Flexible inference of evolutionary accumulation dynamics using uncertain observational data
Pith reviewed 2026-05-23 03:35 UTC · model grok-4.3
The pith
HyperLAU infers evolutionary accumulation pathways from data even when up to half the features are uncertain.
A machine-rendered reading of the paper's core claim, the machinery that carries it, and where it could break.
Core claim
HyperLAU is a new algorithm for hypercubic inference that learns dynamic pathways and feature interactions from data that includes uncertainties, even when large sets of particular features remain unobserved across the source dataset. It is shown to highlight the main pathways recovered by other tools when up to 50 percent of the features in the input data are uncertain and to reduce biases that arise when uncertain portions of the data are simply excluded.
What carries the argument
HyperLAU algorithm, which extends hypercubic inference models to incorporate uncertain observational data for pathway learning.
If this is right
- Datasets with up to 50 percent uncertain features can still be used to infer main evolutionary pathways.

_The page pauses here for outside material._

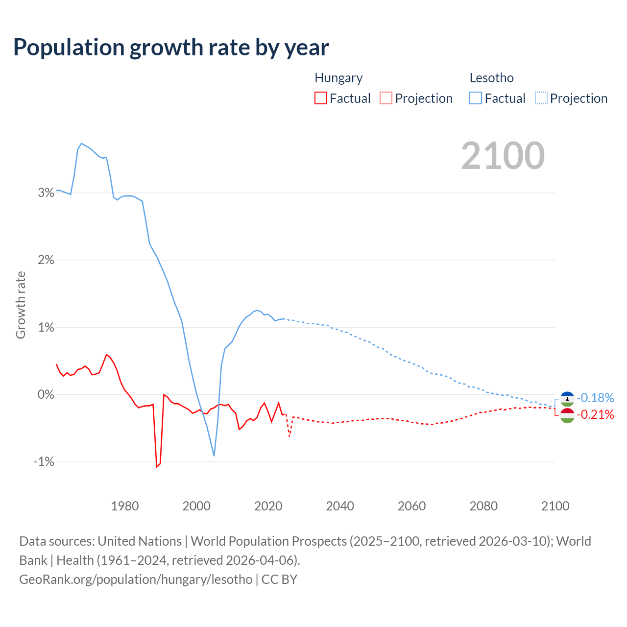 - For the last 10 years, Hungary has had an average growth rate of -0.29% per year vs +1.17% in Lesotho.

- Biases introduced by excluding uncertain data entries can be reduced or avoided.
- Additional information on evolutionary pathways becomes available in applications such as multidrug resistance analysis.
- Cross-sectional, phylogenetic, and longitudinal data sources can be combined even when individual features carry uncertainty.
Where Pith is reading between the lines
- The same uncertainty-handling logic could be adapted to other accumulation models outside the hypercubic setting.
- Medical datasets with noisy or incomplete observations may benefit from similar flexible inference without forced data pruning.
- Testing on synthetic datasets with controlled uncertainty levels would provide direct checks on pathway recovery rates.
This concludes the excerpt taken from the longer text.